The trick is finding the correct multiple. Valuation multiples vary by industry, your earnings calculation method, and other factors like recurring revenue vs one-off sales, rate of revenue growth, customer concentration or diversity, profit margins, and operational inefficiencies. Benchmark your multiple using broker data on comps and industry norms, or platforms like BizBuySell, then calculate the business’s value.
Conduct Due Diligence
Once you’ve run the numbers, it’s time to validate them. Due diligence is your chance to independently verify what the seller is telling you and uncover what they aren’t so that you can refine the assumptions behind your number.
Start by reviewing at least three years of financials, including tax returns, income statements, and cash flow reports. Make sure reported profits match tax filings and assess how revenue, expenses, and working capital fluctuate. Look closely at debt obligations, leases, and one-time revenue spikes that could skew valuation.

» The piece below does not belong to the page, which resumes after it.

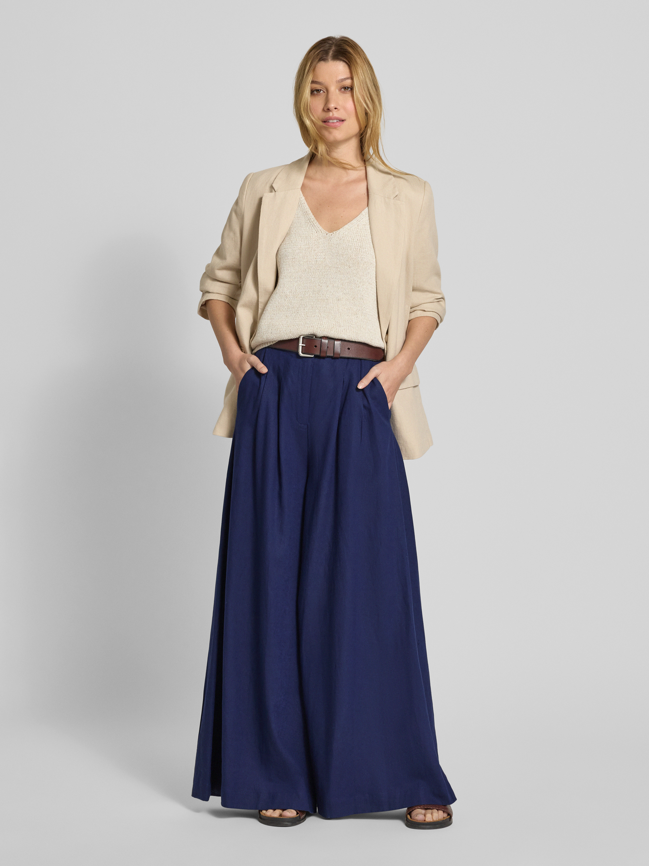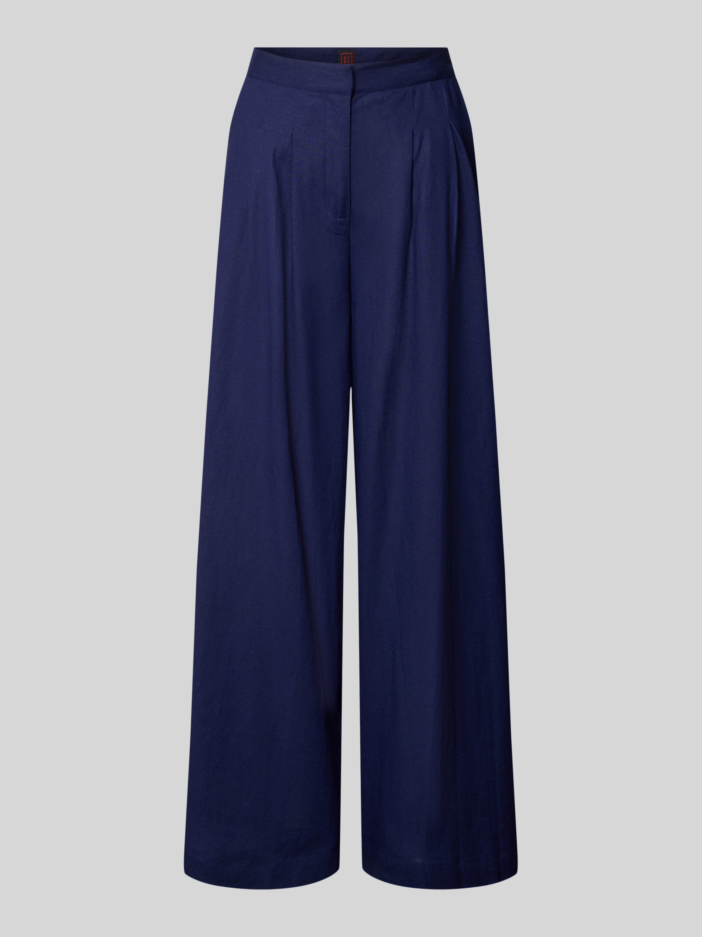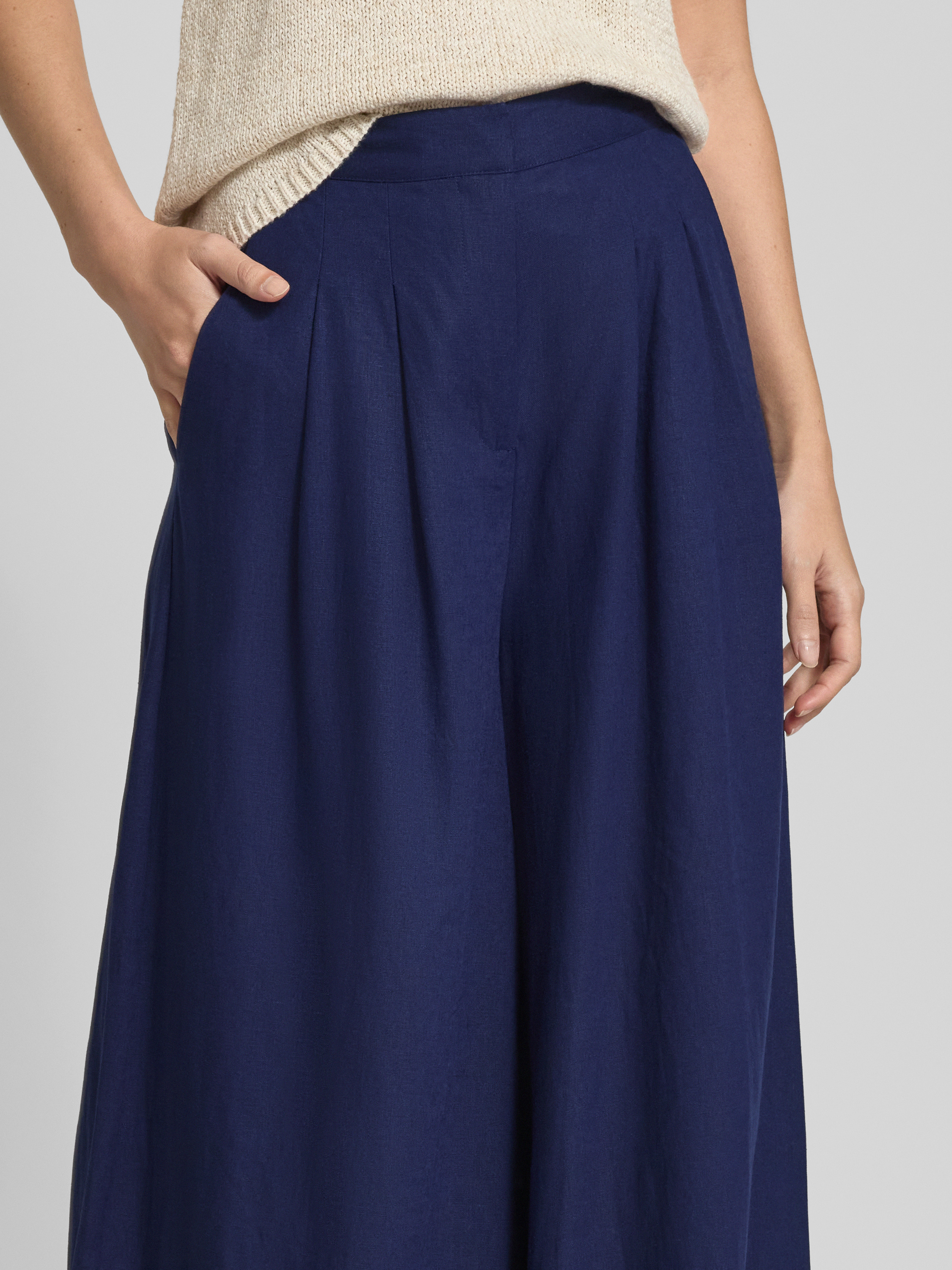 Wide fit stoffen broek van een mix van linnen en viscose met plooien in marineblauw

On the legal side, confirm the business’s structure and ownership, and review key contracts like leases, supplier agreements, and customer deals to ensure they’re transferable. It’s also essential to check for pending litigation, regulatory issues, or compliance risks. These liabilities can impact both valuation and post-sale operations.
People and processes matter, too. Evaluate staff roles, turnover, and whether the company depends heavily on the current owner. Businesses with documented systems and a strong team in place are generally worth more and easier to transition.
Assessing cybersecurity is increasingly important. Look into how data is stored, protected, and whether there’s a history of breaches or privacy violations. A single data issue can have financial and reputational fallout, especially if customer data is involved.
Lastly, zoom out. Understand the business’s position in its market—its competition, brand reputation, and room for growth. A company with diversified revenue, recurring income, and scalable processes commands a higher multiple and is a safer bet long-term.
Conclusion
Valuing a business isn’t just about the numbers—it’s about knowing exactly what you’re buying.
Start by selecting the proper earnings method (SDE or EBITDA), apply the appropriate market multiple, then validate your findings through due diligence. This process protects you from surprises and puts you in control during negotiations.
But valuation isn’t always straightforward. Every business is different, and even small mistakes can cost big. If you’re serious about buying a business, reach out to a professional business broker. They’ll help you uncover the real value, avoid pitfalls, and close a deal with confidence.